## Task to carry out
Beginning with the line that contains "[(تِلْكَ أُمَّةٌ قَدْ", retype the entries below exactly, ending with the line that contains "1月9日,2025年第九届亚". Leave out any pictures.

## Information
☆ ☆ ☆ ☆

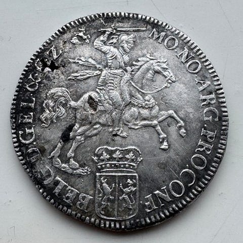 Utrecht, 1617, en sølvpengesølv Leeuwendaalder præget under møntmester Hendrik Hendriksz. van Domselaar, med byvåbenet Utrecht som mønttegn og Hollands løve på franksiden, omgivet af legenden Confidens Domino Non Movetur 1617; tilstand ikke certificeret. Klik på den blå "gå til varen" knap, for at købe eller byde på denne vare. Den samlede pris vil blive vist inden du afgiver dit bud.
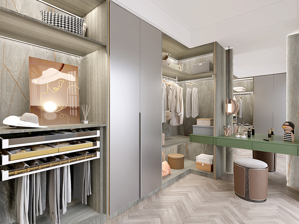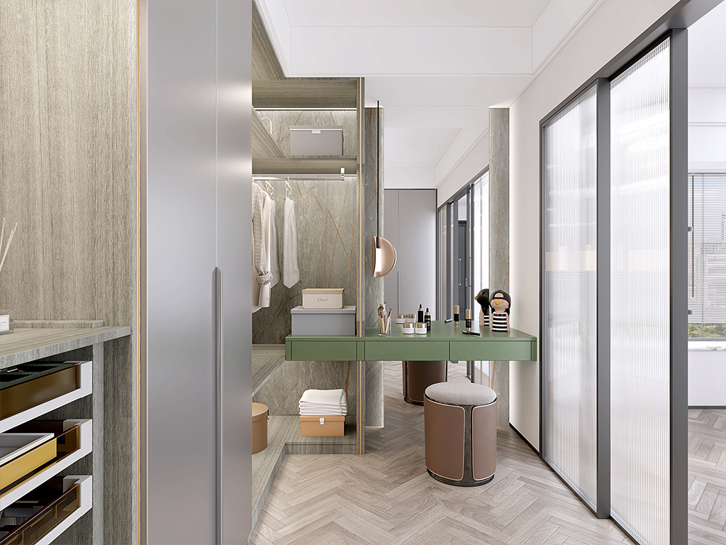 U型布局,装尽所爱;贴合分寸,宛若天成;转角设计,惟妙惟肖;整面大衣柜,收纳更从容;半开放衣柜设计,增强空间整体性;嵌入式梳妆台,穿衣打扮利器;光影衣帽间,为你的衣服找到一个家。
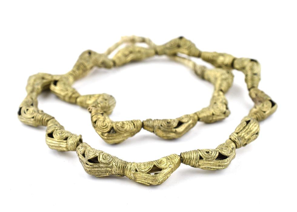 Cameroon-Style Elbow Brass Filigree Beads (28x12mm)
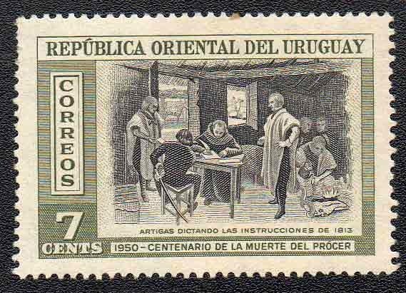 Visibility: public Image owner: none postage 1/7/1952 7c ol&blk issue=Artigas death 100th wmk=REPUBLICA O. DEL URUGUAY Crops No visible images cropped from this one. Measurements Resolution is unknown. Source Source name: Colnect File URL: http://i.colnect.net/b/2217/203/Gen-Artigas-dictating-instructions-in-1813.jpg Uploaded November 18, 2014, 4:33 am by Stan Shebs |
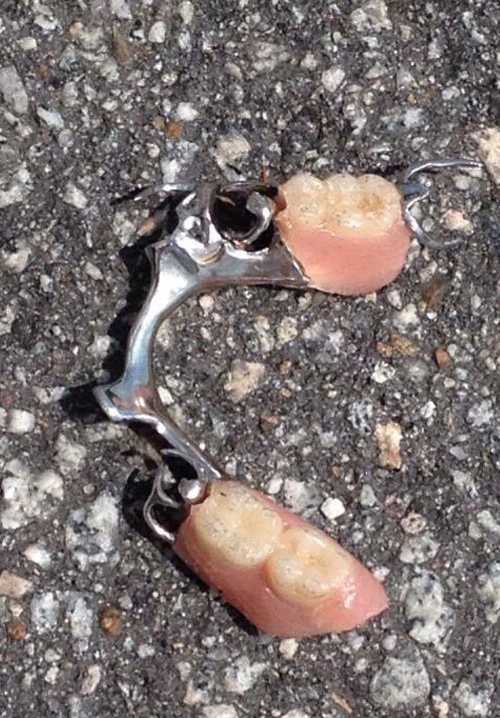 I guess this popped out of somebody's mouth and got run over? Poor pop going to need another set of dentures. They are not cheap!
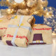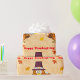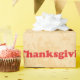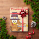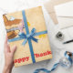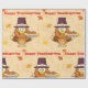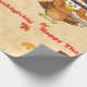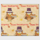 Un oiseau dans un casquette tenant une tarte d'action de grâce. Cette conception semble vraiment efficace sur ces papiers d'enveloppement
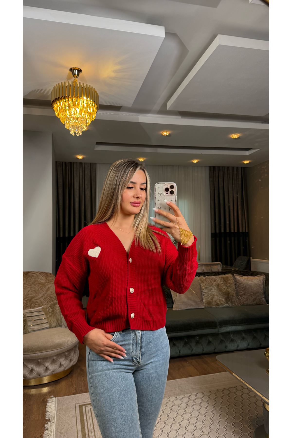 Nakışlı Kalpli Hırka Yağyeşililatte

☆ ☆ ☆ ☆

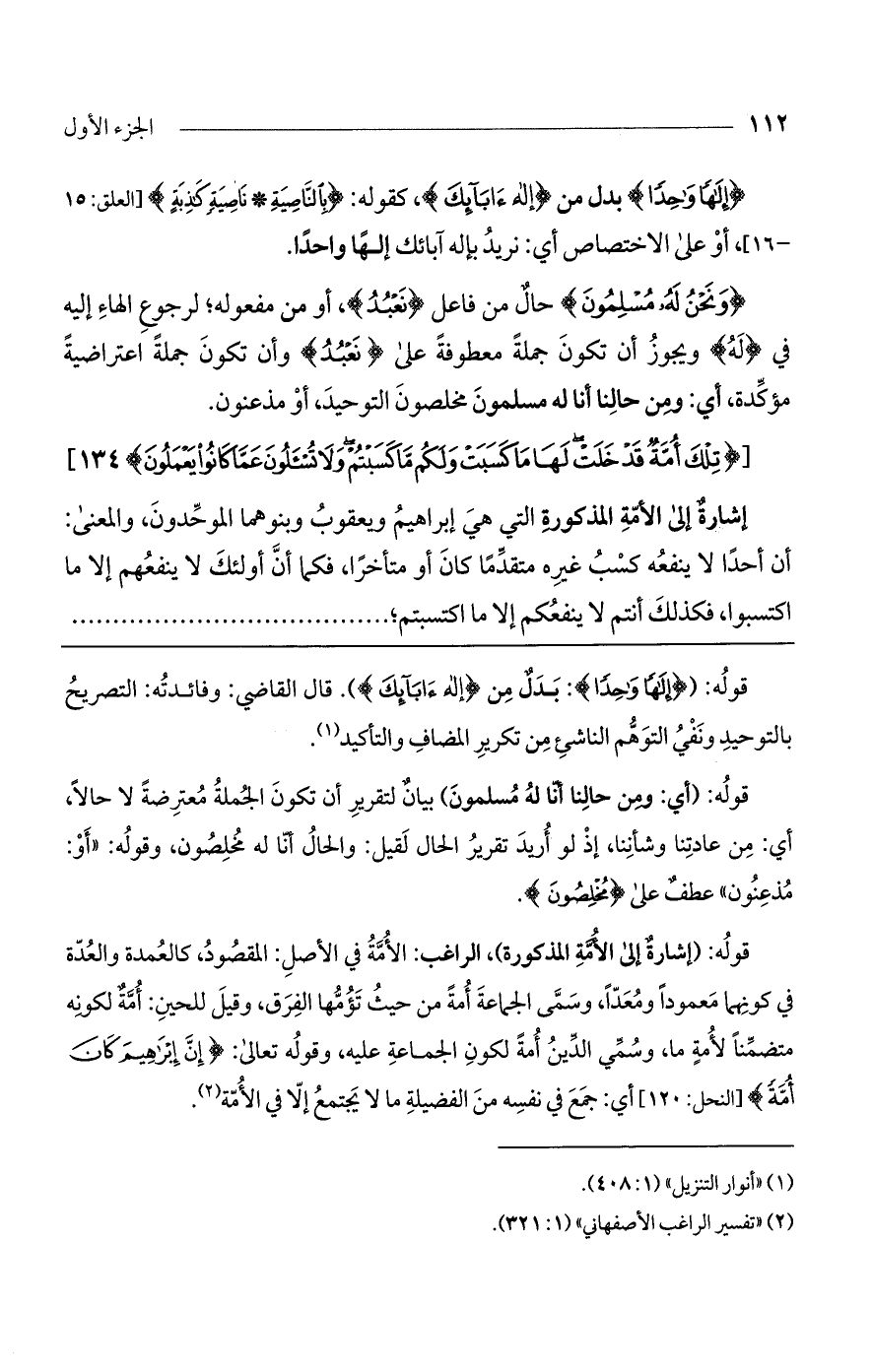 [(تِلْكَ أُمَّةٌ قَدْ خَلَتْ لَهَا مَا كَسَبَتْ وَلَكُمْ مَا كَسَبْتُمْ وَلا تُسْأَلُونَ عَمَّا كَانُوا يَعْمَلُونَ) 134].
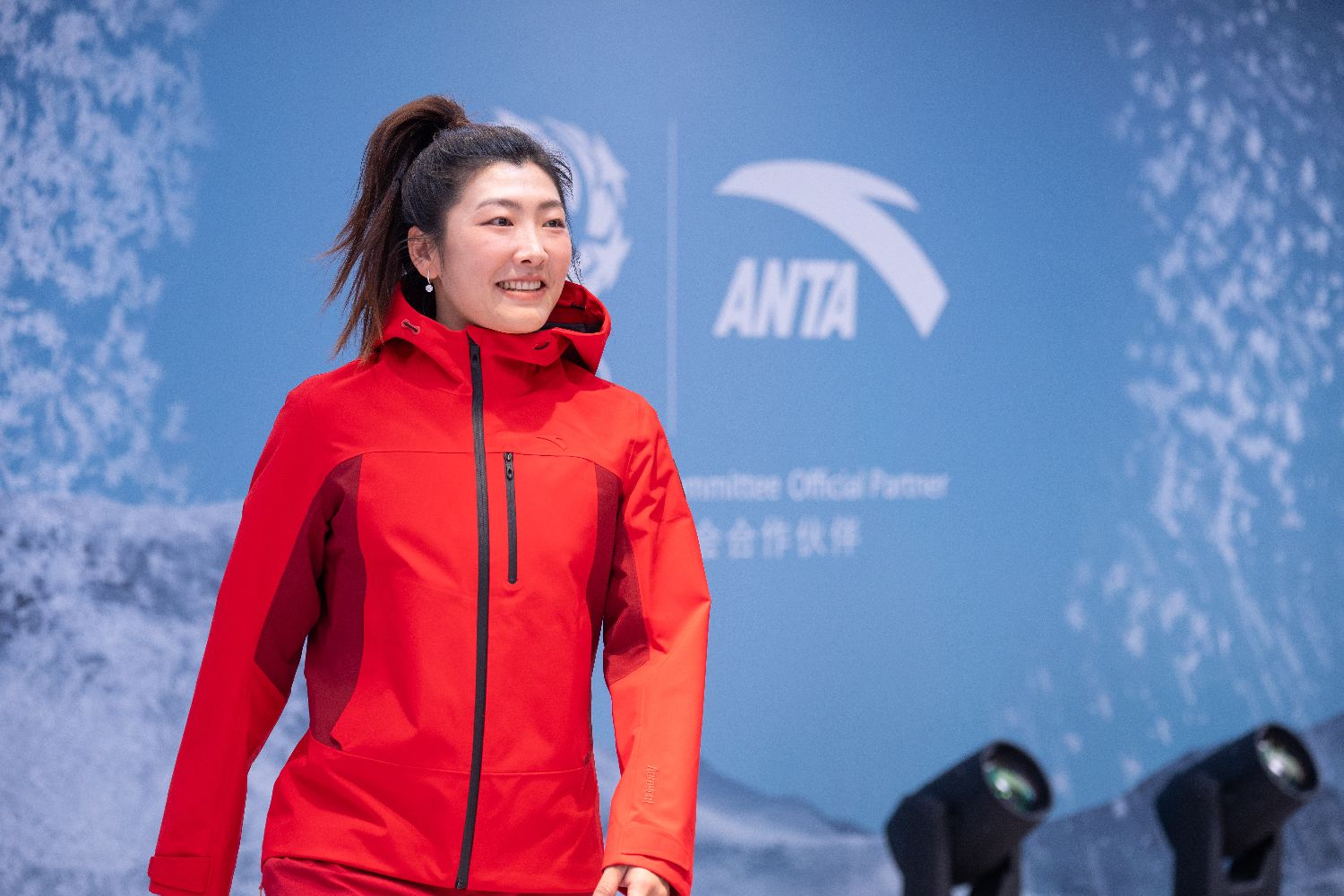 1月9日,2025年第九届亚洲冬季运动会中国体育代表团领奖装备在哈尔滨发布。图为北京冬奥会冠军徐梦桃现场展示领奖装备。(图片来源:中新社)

☆ ☆ ☆ ☆

## Reply to the task
 [(تِلْكَ أُمَّةٌ قَدْ خَلَتْ لَهَا مَا كَسَبَتْ وَلَكُمْ مَا كَسَبْتُمْ وَلا تُسْأَلُونَ عَمَّا كَانُوا يَعْمَلُونَ) 134].
 1月9日,2025年第九届亚洲冬季运动会中国体育代表团领奖装备在哈尔滨发布。图为北京冬奥会冠军徐梦桃现场展示领奖装备。(图片来源:中新社)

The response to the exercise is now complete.